As "data monetization," which aims to generate revenue by making advanced use of data, including individual customer data, is gaining attention, the media and online have expressed the phrase "data is the new oil." Indeed, the two may be similar in terms of their high potential for profit generation. However, unlike physical oil fields, data is like a mosquito sucking up something tasty, and there is a risk that valuable data will be stolen without you realizing it, making measures against data security risks an extremely important and serious issue.
Last year, I was appointed Chief Delivery Officer of Tata Consultancy Services Japan (TCS Japan), and am currently responsible for all delivery at TCS Japan, promoting the further growth of the hybrid model and the enhancement of solutions. In this article, I will explain the security risks that lie in data utilization and how to mitigate those risks, based on the knowledge and experience I have gained as the Global Head of Cybersecurity at Tata Consultancy Services (TCS) while providing consulting services to many global companies.
In recent years, digitalization has progressed in various businesses, and as the fusion of real and cyberspace continues to advance, cybersecurity risks are rapidly increasing. In particular, with many legacy systems in existence, the risk of leakage or other incidents of the vast amounts of data collected and stored in companies' internal systems is serious. The leakage or leaking of data, including personal information of customers, in response to regulations by authorities across borders, etc., is a major risk not only to customers but also to the companies that collect and use the data.
For example, data such as consumers' site browsing history obtained through "cookies" deployed by companies on websites and social media can bring great value to marketing, sales, and even new product development. However, from the consumer's perspective, there is a risk that their privacy, including not only their purchasing behavior but also their hobbies, preferences, and political beliefs, will be exposed, and once the data has been obtained, they cannot get away with saying they did not know about it.
The magnitude of the risk to consumers is directly related to the magnitude of the risk to the companies that handle their data. If this data were to be leaked or leaked, it is clear from several recent examples how much anxiety and anger it would cause among consumers and how much social credibility the companies would lose.
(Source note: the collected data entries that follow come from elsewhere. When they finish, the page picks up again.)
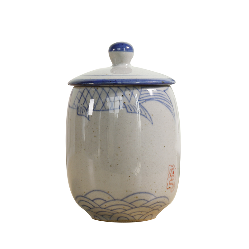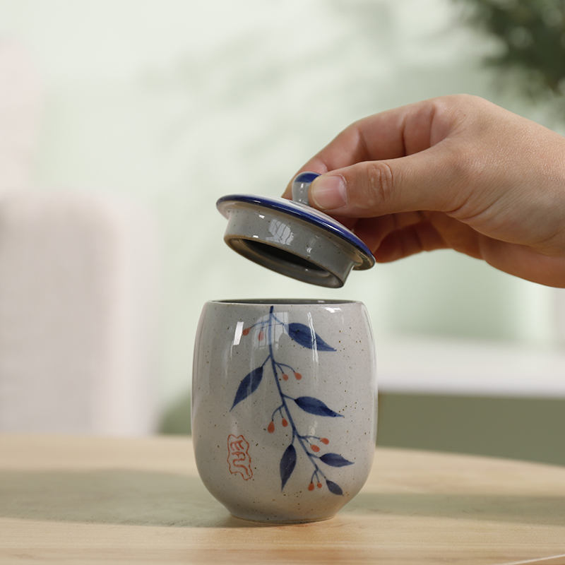 带盖子茶杯粗陶手绘水杯复古
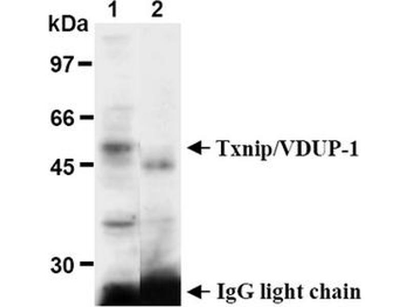- This antibody reacts with Txnip/VDUP1 (50 kDa) on Western blotting and Immunoprecipitation.
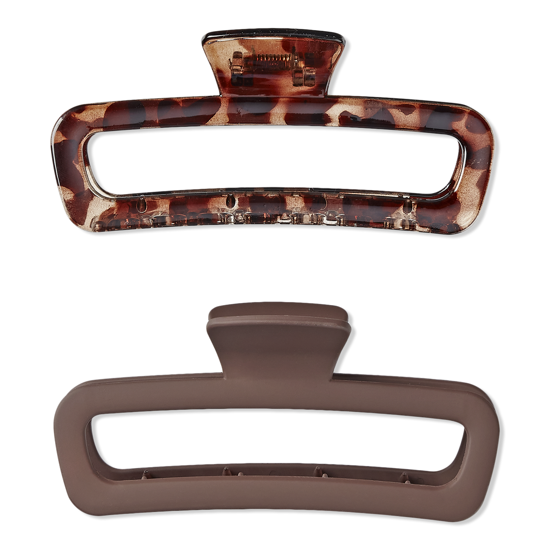 Secure a twist or updo in classic style with these Scünci PRIMP rectangular claw clips. One open-cut claw clip comes in a trendy tortoiseshell print, the other has a shiny black finish—both clips are the perfect complement to all hair colors.
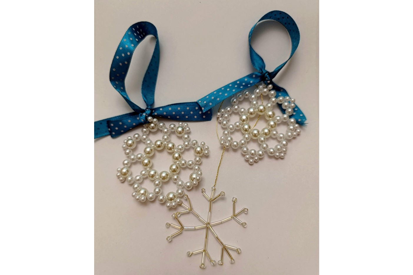 Из белых бусин и стекляруса, которые идеально имитируют снег, вы сможете создать снежинку своими руками. Она не только украсит пушистую зелёную ёлку в вашем доме, но и будет добрым напоминаем о визите в уникальный этнографический музей княгини Тенишевой.
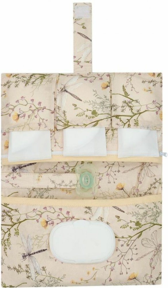Praktický cestovní organizér v krásném textilním provedení s vnitřními přehrádkami vám pomůže přehledně uložit přebalovací potřeby pro vaše miminko. Uvnitř najdete kapsu na pleny, přihrádku na vlhčené ubrousky, kapsu na zip a 3 malé kapsy na drobnosti. Organizér se snadno zapíná na suchý zip. Složení: potah 100% bavlna, výplň 100% polyester Rozměry: 25 x 18 x 2 cm
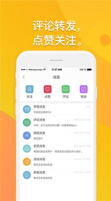 2、点击消息,为用户提供学校消息,评论消息,班级消息等相关信息
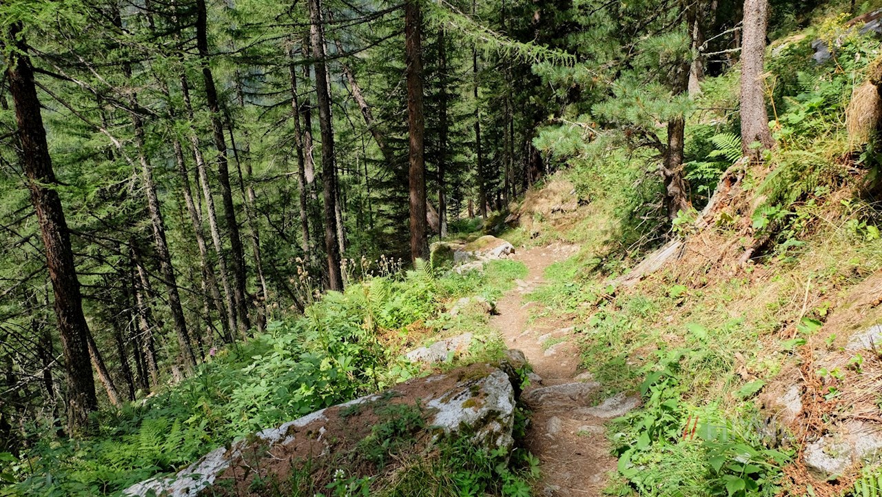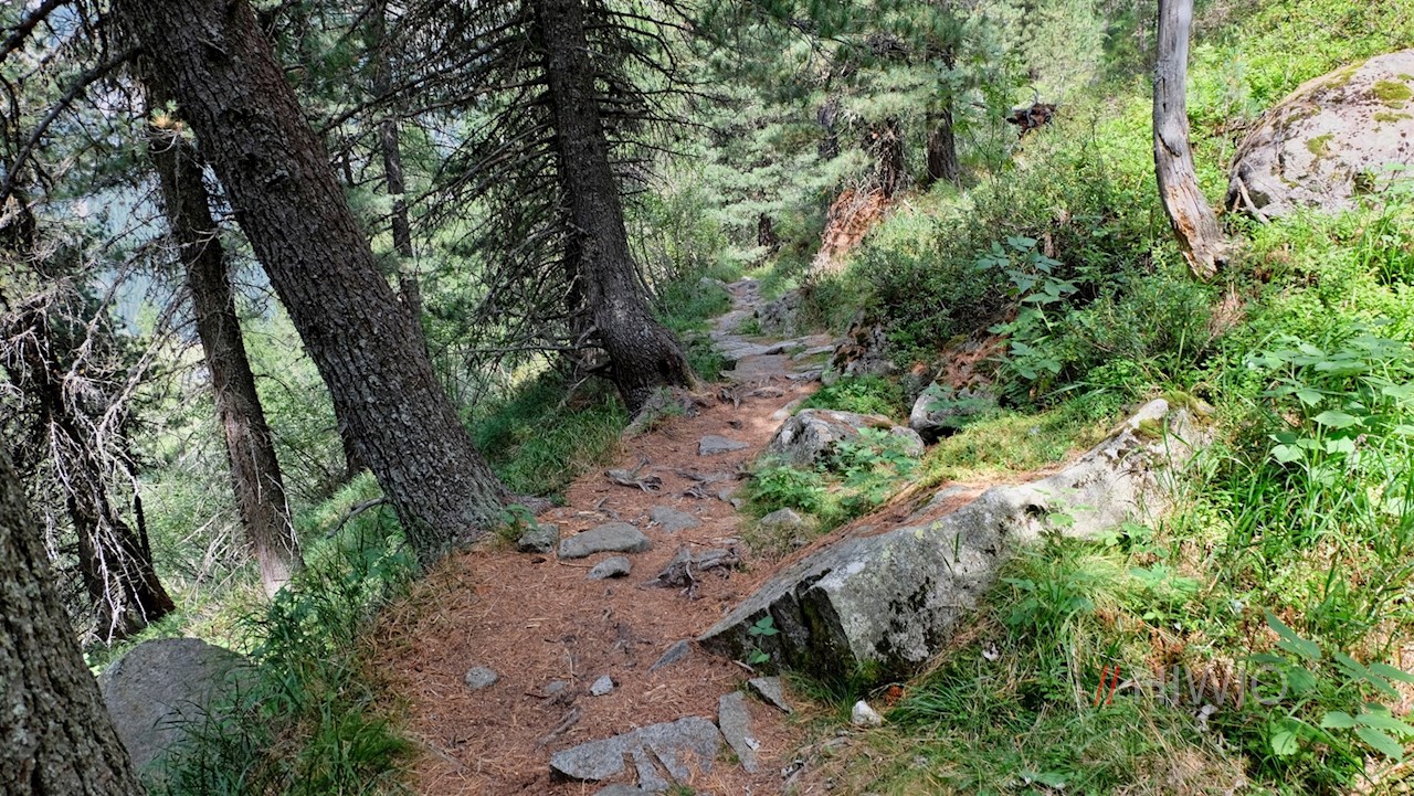 Wenig später geht der bislang ebene Weg in einen steinbeschlagenen, stetig ansteigenden Waldpfad über.
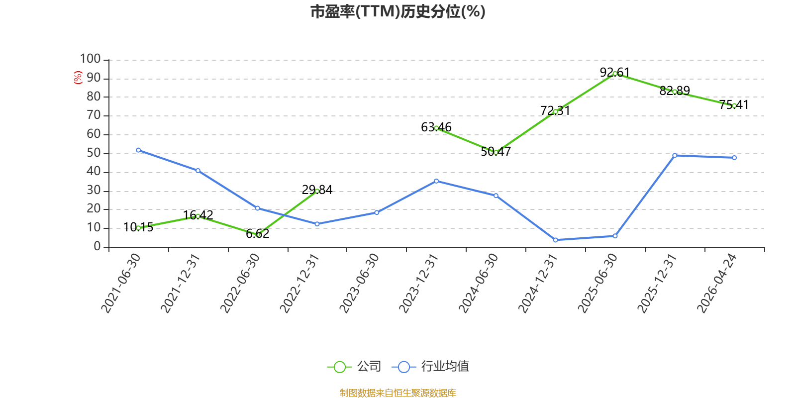 市盈率、市净率为负时,不显示当期分位数,会导致折线图中断。
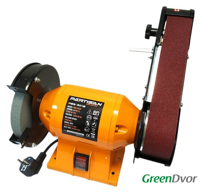Комплект поставки | - Станок точильный - 1 шт- Защитное стекло - 2 шт- Искроуловитель - 2 шт- Точильный круг - 2 шт- Шлифовальная лента - 1 шт- Упаковка- Инструкция по эксплуатации |
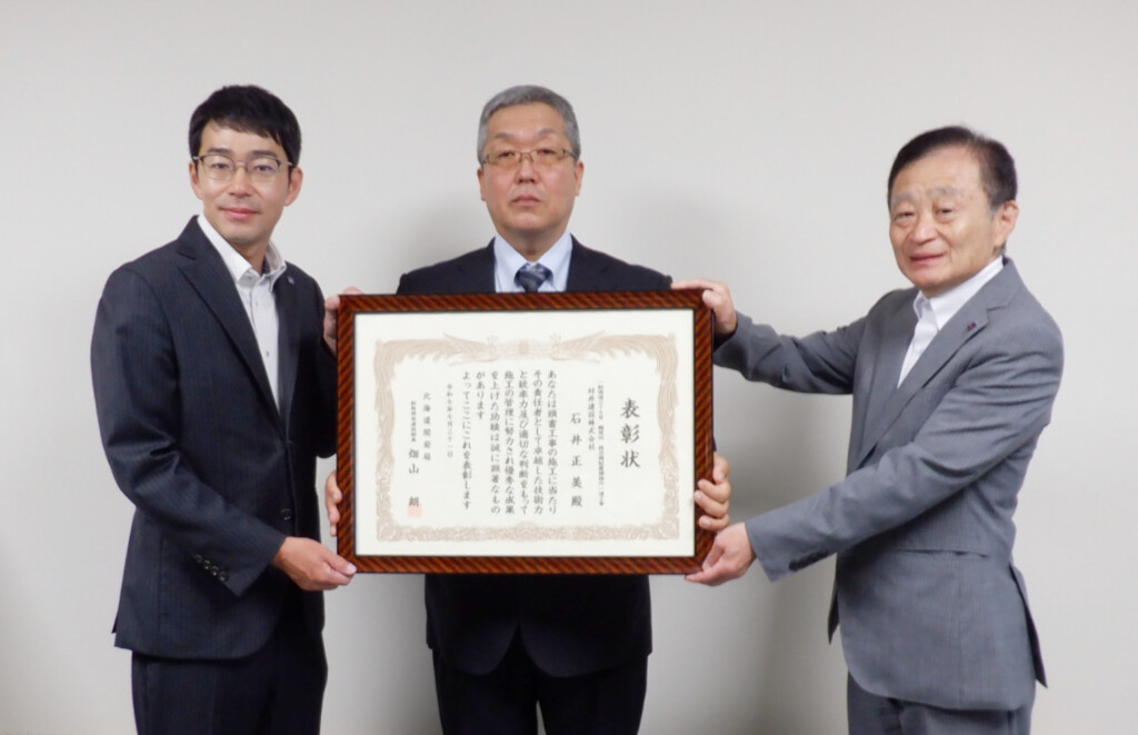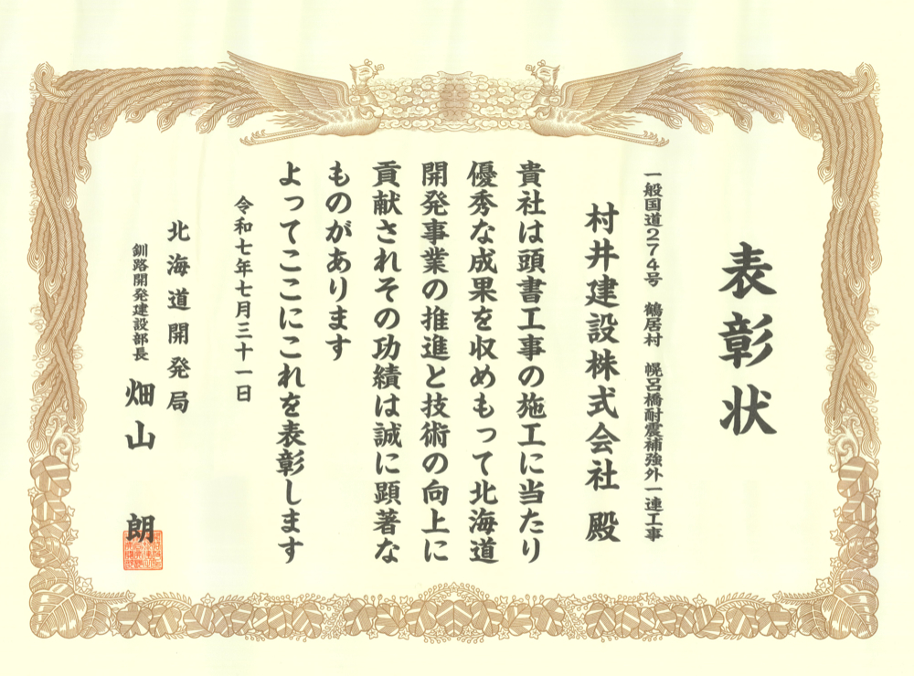「一般国道274号鶴居村幌呂橋耐震補強外一連工事」において当工事と担当職員に対し、北海道開発局釧路開発建設部長より表彰状が授与されました。
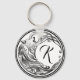 Tribal design featuring a wolf in a crescent moon with shades of black, gray and white. Customize the background color if you want and personalize the initial. By Paxdomino.
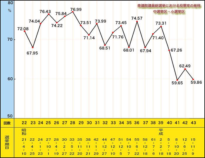 | 【衆院選に於ける投票率の推移 】 | ||||||||||||||||||||||||||||||||||||||||||||||||||||||||||||||||||||||||||||||||||||||||||||||||||||||||||||||||||||||||||||||||||||
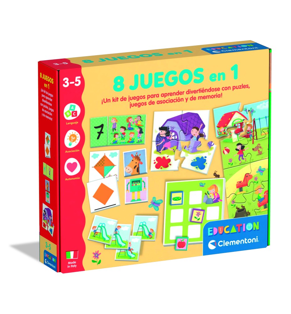El principal atractivo del Clementoni 8 Juegos en 1 55605 es su versatilidad, ya que incluye ocho propuestas diferentes en un solo producto. Entre ellas se encuentran juegos de lógica, memoria, asociación, cálculo, observación y destreza, lo que garantiza horas de entretenimiento variado y educativo. Esta diversidad permite que los niños no se aburran y exploren nuevas formas de aprender jugando.

How to reduce such data security risks has become an important issue on a global scale in recent years. As for the government regulations mentioned above, the General Data Protection Regulation (GDPR) came into effect in the EU in May 2018, and the California Consumer Privacy Act (CCPA) came into effect in the US in January 2020. Both of these laws require companies that handle data, including personal information, to take appropriate measures to protect that data.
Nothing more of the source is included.